Como desdobramento, em 2020, uma nova pesquisa buscou aferir o olhar da sociedade em geral sobre essas tecnologias, por meio de questionário aplicado aos inscritos no congresso anual Todos Juntos contra o Câncer (TJCC), que se realizará de 21 a 25 de setembro, de forma virtual, e no qual esses resultados serão apresentados.

Os resultados encontrados entre os estudos com pesquisadores e médicos foram similares.
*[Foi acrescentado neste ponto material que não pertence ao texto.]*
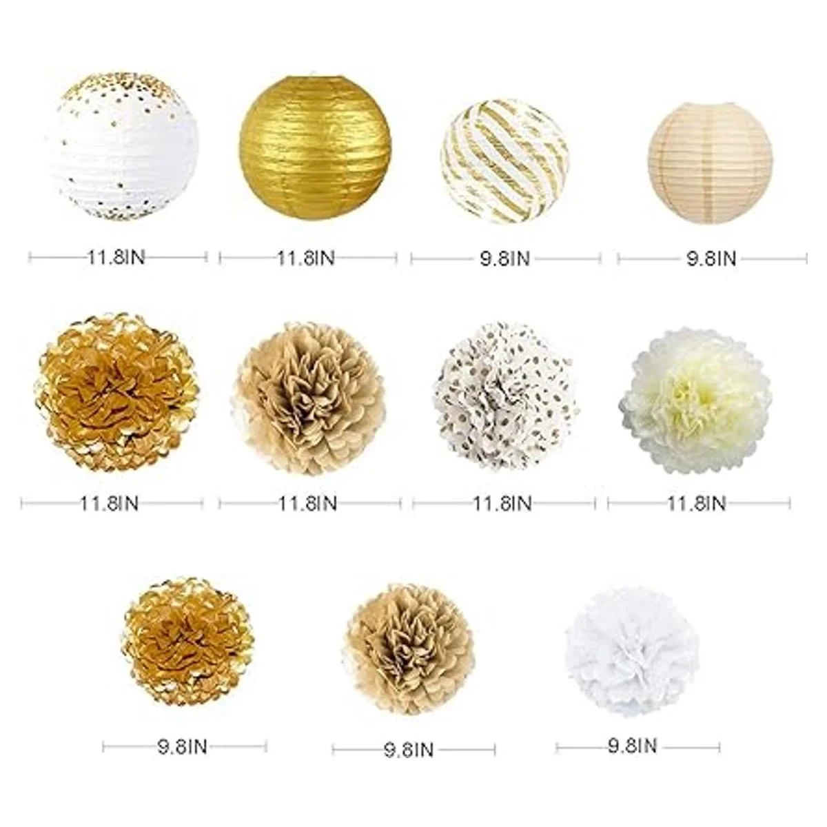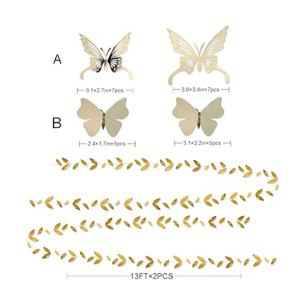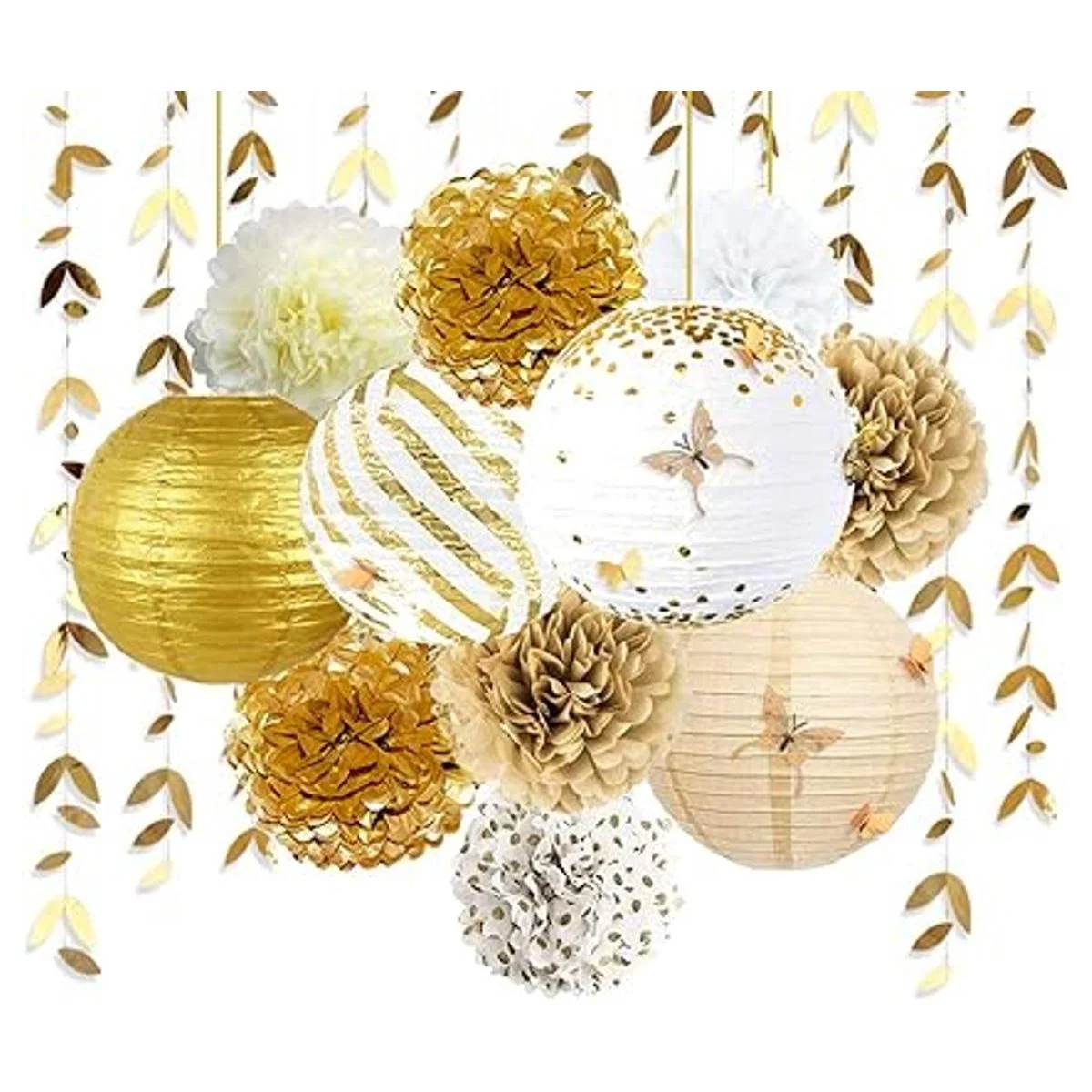 El paquete contiene: 2 guirnaldas metálicas de hojas doradas, 7 pompones de flores de papel de seda, 4 linternas de papel, 24 calcomanías de mariposa doradas, 4 cintas doradas. Total 41 piezas.

É possível perceber, por exemplo, tanto entre os médicos brasileiros quanto entre os especialistas internacionais, grande expectativa de que a atenção oncológica passe por uma revolução tecnológica, mesmo antes de transcorridos os próximos trinta anos, bem como o entendimento de que não se contará com um tratamento monoterapêutico na atenção ao câncer, esta última percepção ainda mais acentuada entre os especialistas (60%).“ Entretanto, o cenário e a evolução  dos novos tratamentos na área da oncologia será moldado por uma perspectiva molecular”, observa Temporão.

Em relação aos resultados encontrados no estudo com a sociedade em geral (participantes do TJCC), cabe destacar a relevância atribuída pelos respondentes ao que se chama de tecnologias leves, isto é, humanização do cuidado pré e pós-tratamento, atenção paliativa, melhoria da políticas sociais e previdenciárias e práticas integrativas complementares. “Observa-se claramente nas respostas, a importância que as tecnologias leves têm para a sociedade. Os pacientes querem ser ouvidos”, diz Santini.

Covid-19
No estudo sobre a percepção do público em geral acerca do diagnóstico e tratamento do câncer, foi indagado aos respondentes as principais dificuldades de acesso a esses recursos e serviços, após a pandemia de Covid-19, no SUS e na saúde suplementar, respectivamente. Eles apontaram aspectos como medo de contaminação em hospitais e outros serviços de saúde (51% e 47%), oferta menor e interrupção de detecção precoce (50%, 27%), contingenciamento de recursos maior (49%, 21%), orientação das autoridades para manter o isolamento social (38%, 30%), intercorrência na oferta dos serviços de diagnóstico (39%, 27%) e intercorrência na oferta dos serviços de tratamento (35%, 24%).

O câncer nos dias de hoje

O câncer é a segunda principal causa de morte no mundo de acordo com a Organização Mundial da Saúde (OMS) e, em 2018, foi responsável por 9,6 milhões de mortes, sendo que 70% dos óbitos ocorreram em países de média e baixa renda. No Brasil, já é a principal causa de morte em mais de 600 cidades, e estima-se um aumento para as próximas décadas.

A complexidade biológica e a heterogeneidade da doença (ou grupo de doenças) dificultam a apreensão, o controle e a cura. No entanto, a expansão do conhecimento científico e o avanço das novas tecnologias prometem transformar o panorama da atenção ao câncer, ainda que a profunda desigualdade no país, quanto a distribuição e acesso aos serviços e aos recursos tecnológicos de diagnóstico e tratamento oncológico, imponha grandes desafios.

A medicina de precisão permite identificar novas drogas, com potencial de atingir alvos específicos. O processo,no entanto, é não só longo,  complexo e custoso, como também permeado pela desigualdade. Entre 2011 e 2015, setenta novas drogas foram introduzidas visando ao tratamento de vinte diferentes tipos de câncer. Entretanto, Estados Unidos, Japão e a Comunidade Européia consomem 95% dos fármacos oncológicos, sendo os outros 5% consumidos por todo o resto do mundo, onde se encontram 61% dos casos da doença.